Do you have a comprehensive view of your Accounts Payable function?
Probably not. In fact, there's a good chance you don't know your company's total cost of paying its bills.
In most companies, CFOs pay little attention to the Accounts Payable process. It's considered overhead and part of the cost of doing business. However, if you knew over a third of your invoices are prone to errors, and the price to process those erroneous invoices is close to 10X higher than processing a "clean" invoice, you would want to fix this inherently broken process; right?
If your answer is yes, as it should be, there's good news in the form of Accounts Payable automation. With automated Accounts Payable functionality, invoices process themselves. This means your AP staff can free themselves up from pushing papers and answering vendor payment inquiries to being a proactive resource for improving overall financial performance.
Accounts Payable: The Strategic Resource
AP teams dedicated to manual paper-invoice processing tend to underperform and cannot focus on tasks that improve the company's profitability and cash flow.
With automation, you can free up your AP team's capacity to focus on those tasks, as well as lead higher-value initiatives, like:
- Transition vendors from outdated paper invoicing to electronic-based transactions
- Analyze and pinpoint core reasons for recurring invoice errors
- Help enforce contract compliance
- Identify discounted early payment opportunities
- Expand timely and accurate processing of payments to thousands of global vendors in their preferred currencies and localized payment methods
Automating the Accounts Payable process also supports better alignment between your AP and Procurement teams, which tend to operate in silos. Consider these obstacles your AP and Procurement teams face when the invoicing process is done manually:
- Delays in approving purchase orders
- Failure to work with preferred suppliers at negotiated rates (remote offices)
- No way to automate invoice matching with purchase orders and receipts
- Failure to identify early payment discounts
- Inability to control and monitor corporate spending
Automation fixes these broken processes, streamlines payables operations, strengthens compliance with your procurement policies, and reduces the overall costs of AP operations.
Value to Vendors
AP automation doesn't just help you as a buyer but also benefits your vendors. By transacting with you electronically, vendors can spend more time fulfilling orders and spend less time troubleshooting payments and transactions.

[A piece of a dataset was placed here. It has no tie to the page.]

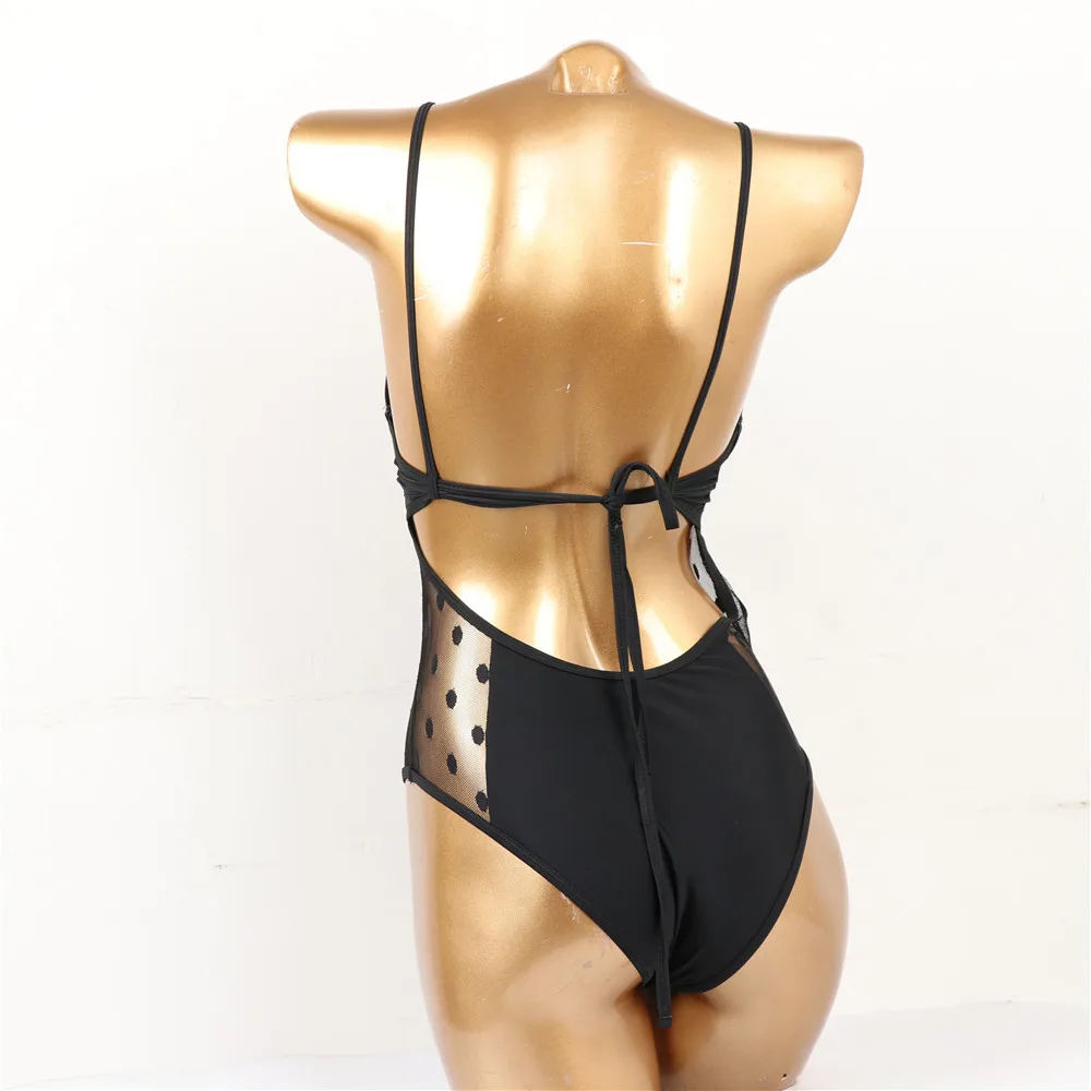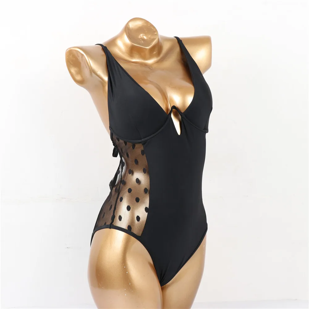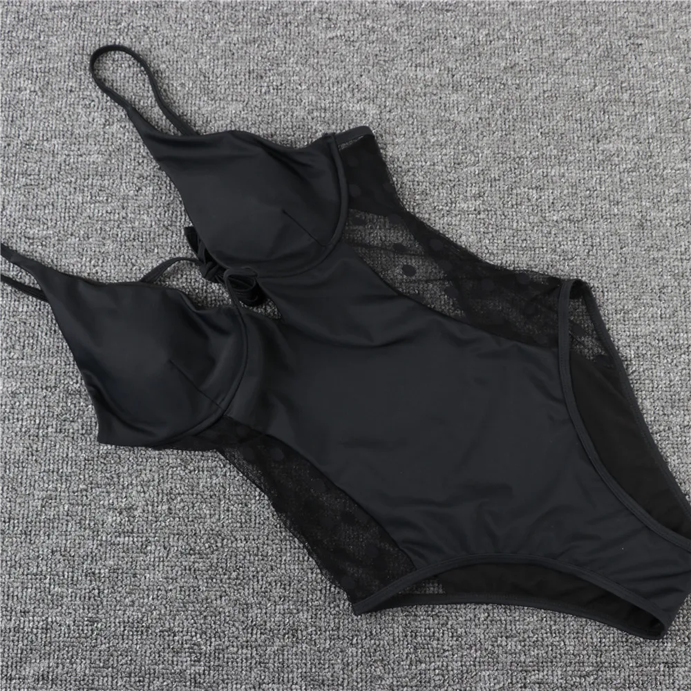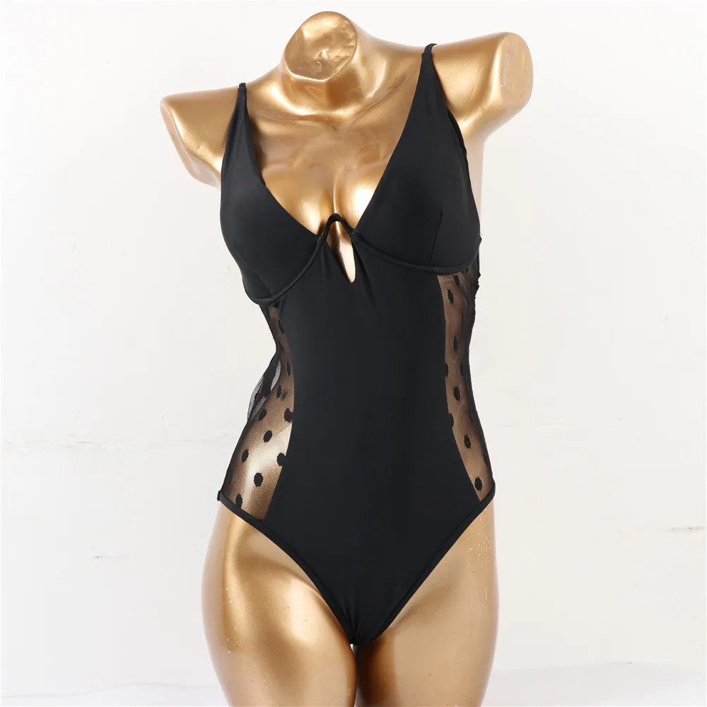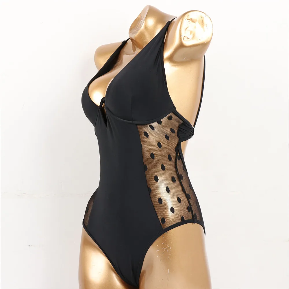 Сексуальный черный сетчатый цельный купальник в горошек, пуш-ап, на косточках, для девушек, 2021, монокини, купальник для женщин, купальник, трикини
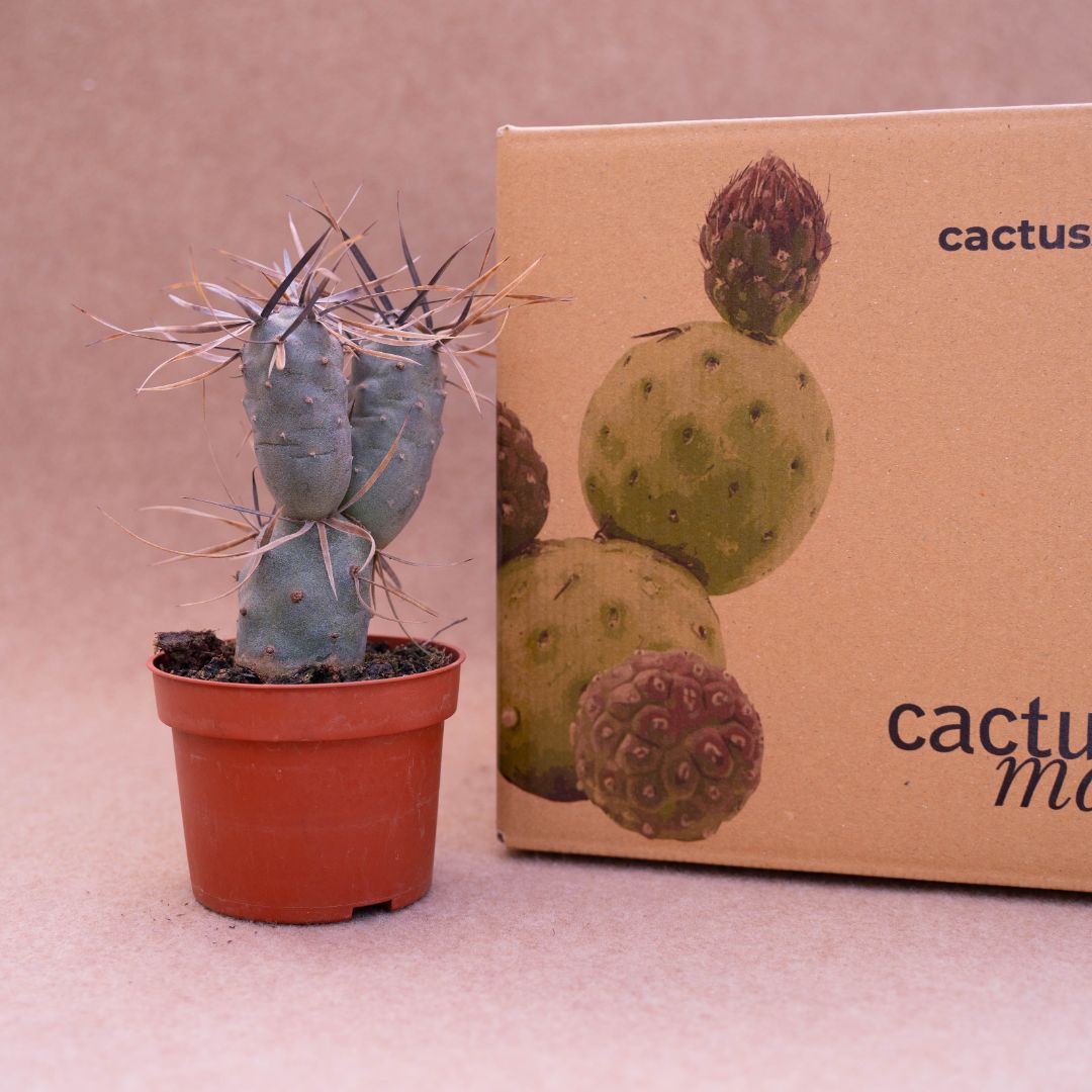 Appartenant à la famille des Cactaceae, cette plante de Tephrocactus articulatus ‘Black Thorn’ est fournie dans un pot Ø 10,5 cm avec une étiquette portant le nom botanique.

One significant advantage to automating AP is rapidly matching POs and invoices, known as PO flipping. When you establish electronic connections with your vendors, you can deliver purchase orders electronically. Vendors "flip" those orders to create matching electronic invoices. Matching is automatic, and invoices are approved for payment without further validation.

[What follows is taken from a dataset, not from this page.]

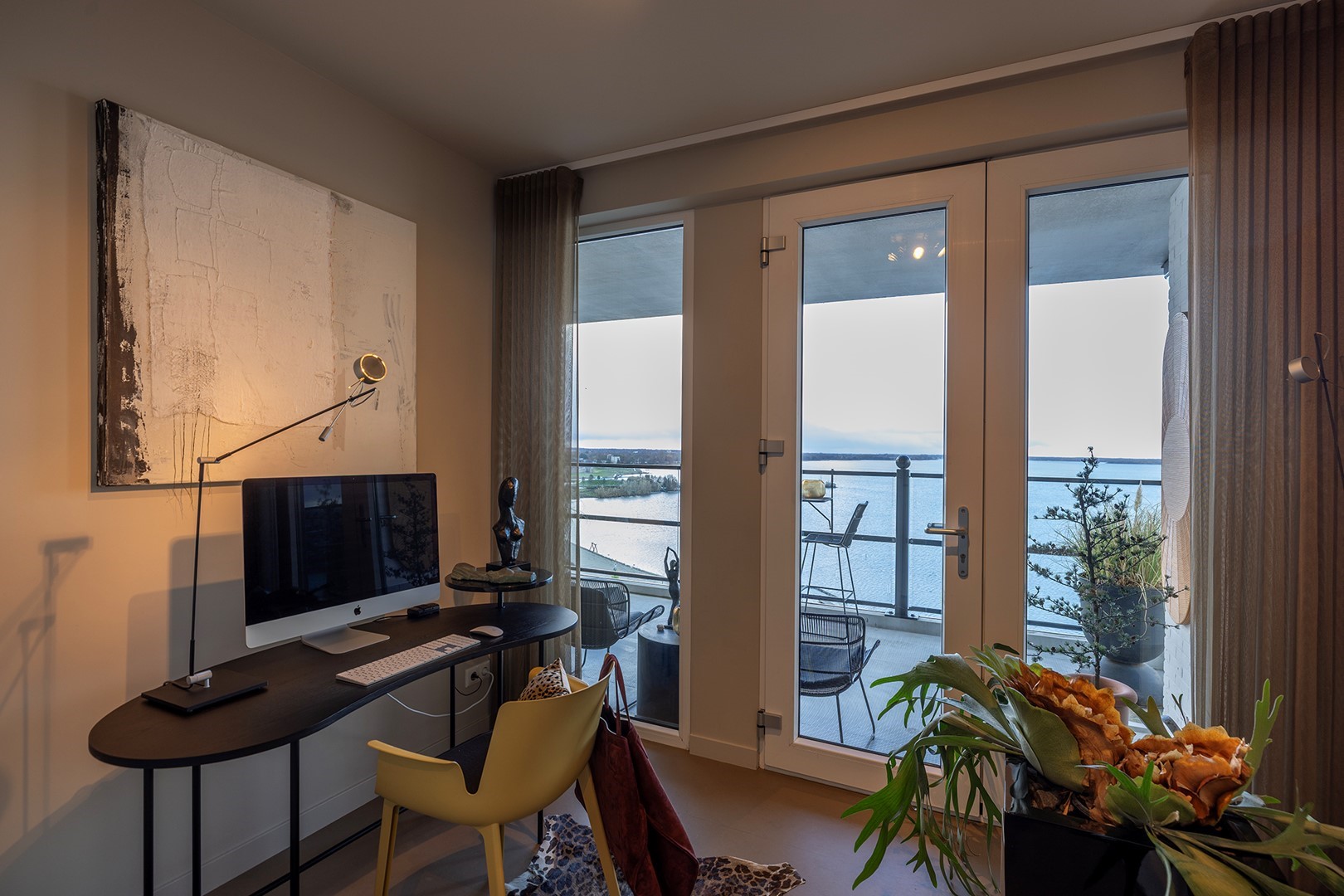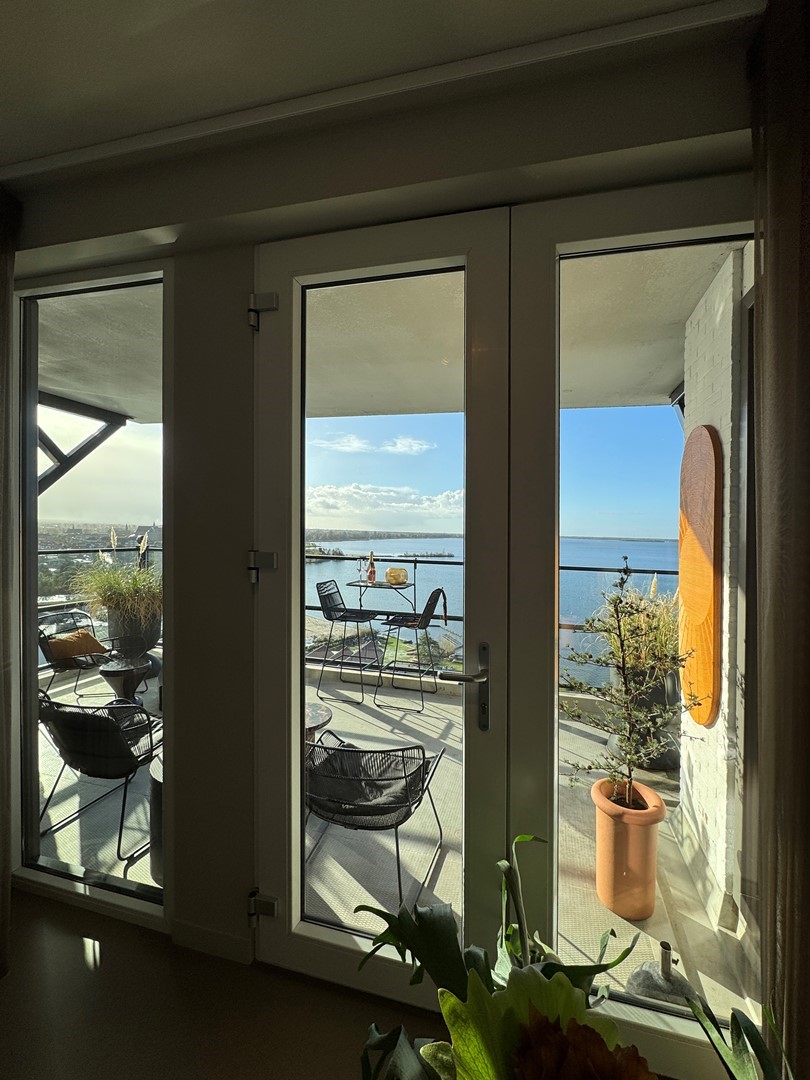 ‘’Het is werkelijk waar iedere dag anders wonen in ons appartement. Dat komt doordat het water en de natuur iedere dag weer een ander uitzicht geeft. Alles wat wonen comfortabel en veilig maakt hebben we hier. Toch gaan wij een nieuw avontuur aan en gunnen ons unieke appartement aan nieuwe bewoners, maar zullen deze plek het meest gaan missen van allemaal.’’
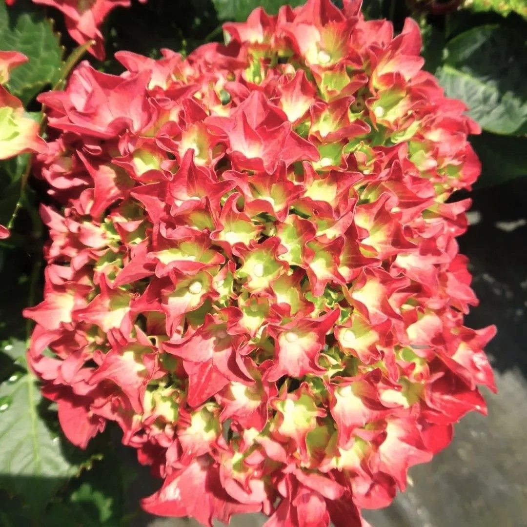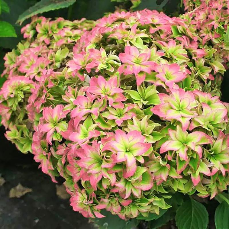 Цветы: со слегка «надорванными» лепестками, диаметром около 5 см, собраны в шары-соцветия. Цветы двухцветные — зеленоватого и розового оттенка. Особенность — постоянная смена оттенка в течение сезона: сначала на лепестках присутствуют оба оттенка, затем зелёный заменяется розовым, а к осени они обесцвечиваются до бледно-зелёного.

A self-service portal allows vendors to view their invoices and payment statuses without contacting you directly. Add support for the most popular payment options – ranging from credit cards and ACH to wire transfers and popular digital payment platforms – and your vendors will appreciate how easy it is to do business with you.
New Ways to Manage Cash
Automation can free up your AP staff to become valuable assets for managing cash and working capital. That's possible when an electronic invoice can be automatically matched and immediately approved.

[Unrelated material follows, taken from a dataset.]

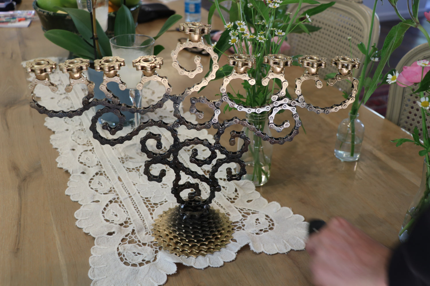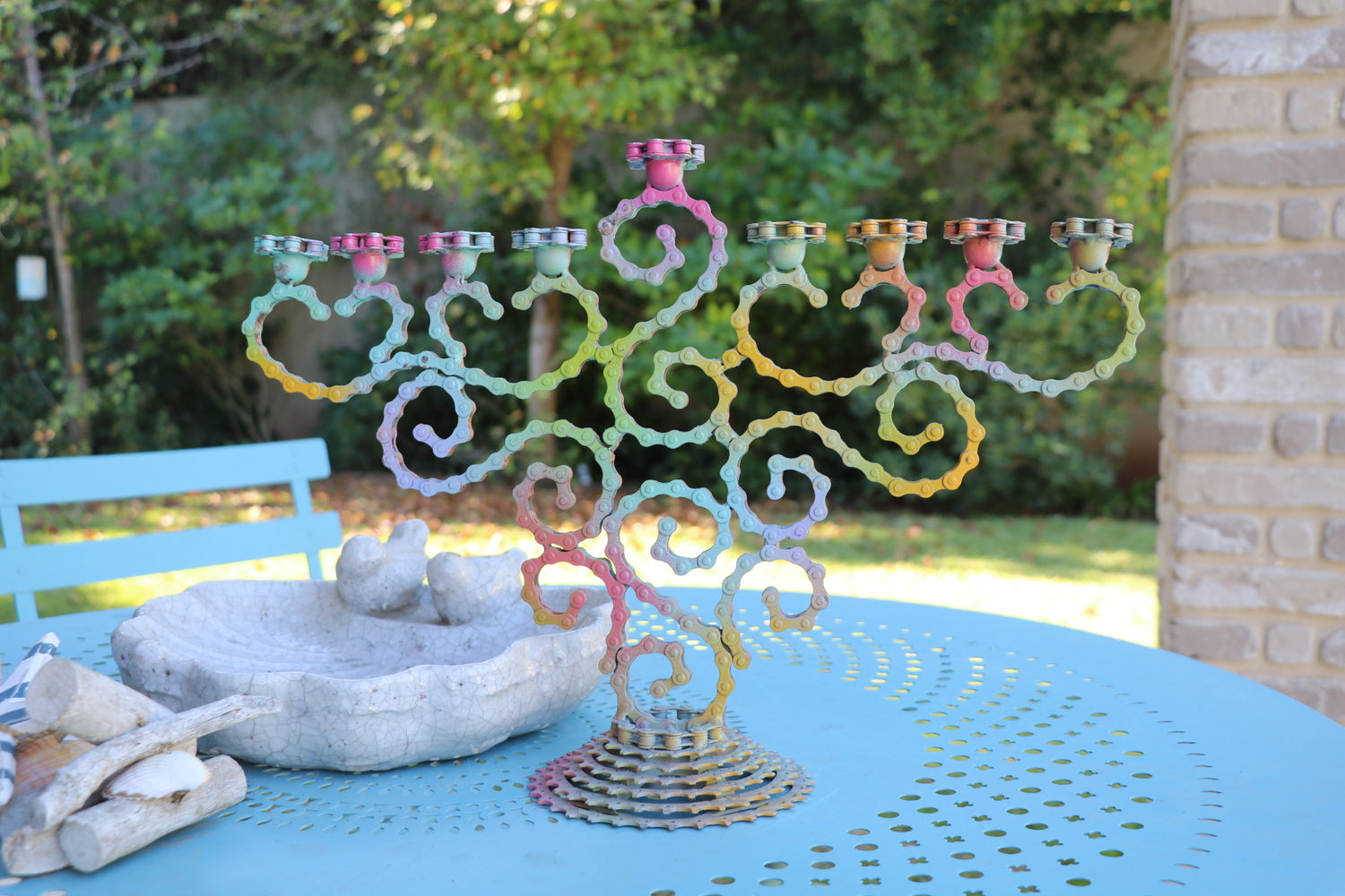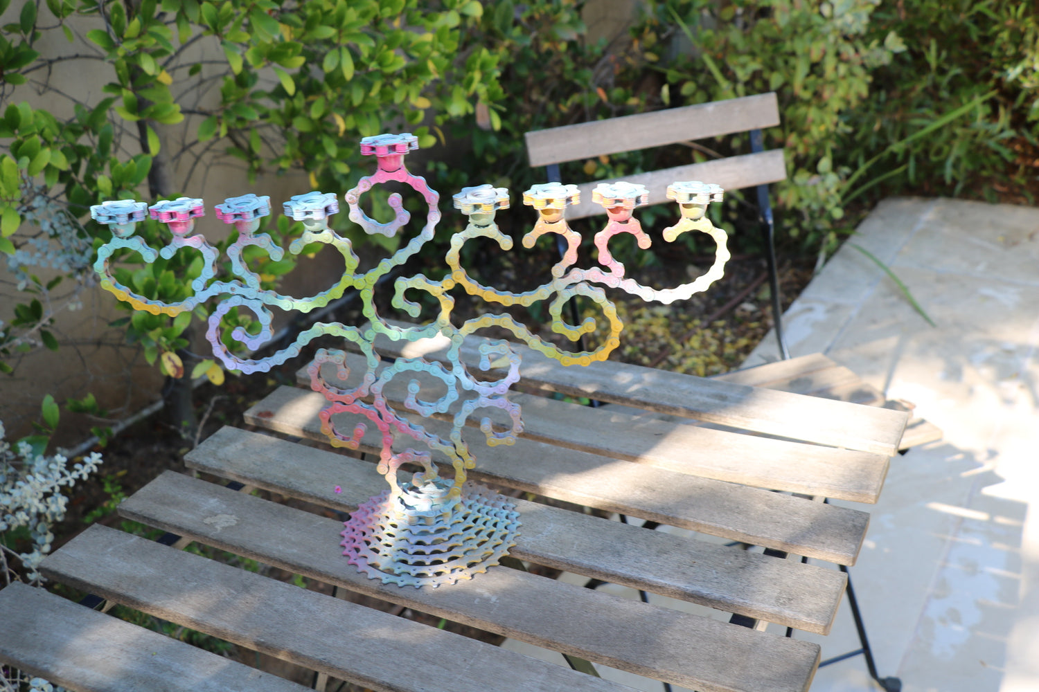 A modern art sculpture of a Menorah.

Freed from the long and painstaking process of processing invoices manually, the AP team can pay attention to payment terms and take advantage of the most lucrative early payment discounts that exceed the hurdle rate set by your treasury group. Furthermore, with dynamic discounting, these opportunities are no longer static. While a traditional 2/10 net 30 discount (also known as a 2% 10 net 30 discount) means that on the 11th day, the 2% discount is expired, that changes today, with many suppliers extending the discount period up to the due date on a sliding scale.
AP: From Overhead to Strategic Resource
Suppose transaction automation and aligning AP with procurement remain low priorities on a corporate level. In that case, it's likely that key stakeholders don't fully comprehend their real value and may not realize the consequences of an AP staff primarily focused on managing transactions or the hidden costs related to off-contract spending.
In building a business case, the operational cost savings related to automating the Accounts Payable process, while dramatic, represents only one part of the return on investment. Even greater value comes by expanding your company's strategic programs, freeing up working capital, and enforcing contract compliance.
If you still aren't convinced AP automation should be a corporate priority, imagine this: Your AP team is free to focus more on business analysis and cash-flow management, as opposed to wasting time on mundane data entry, fixing transaction errors, and responding to vendor inquiries. With automated AP solutions, your company's Accounts Payable initiatives evolve from a cost center to a strategic asset, contributing to your bottom line.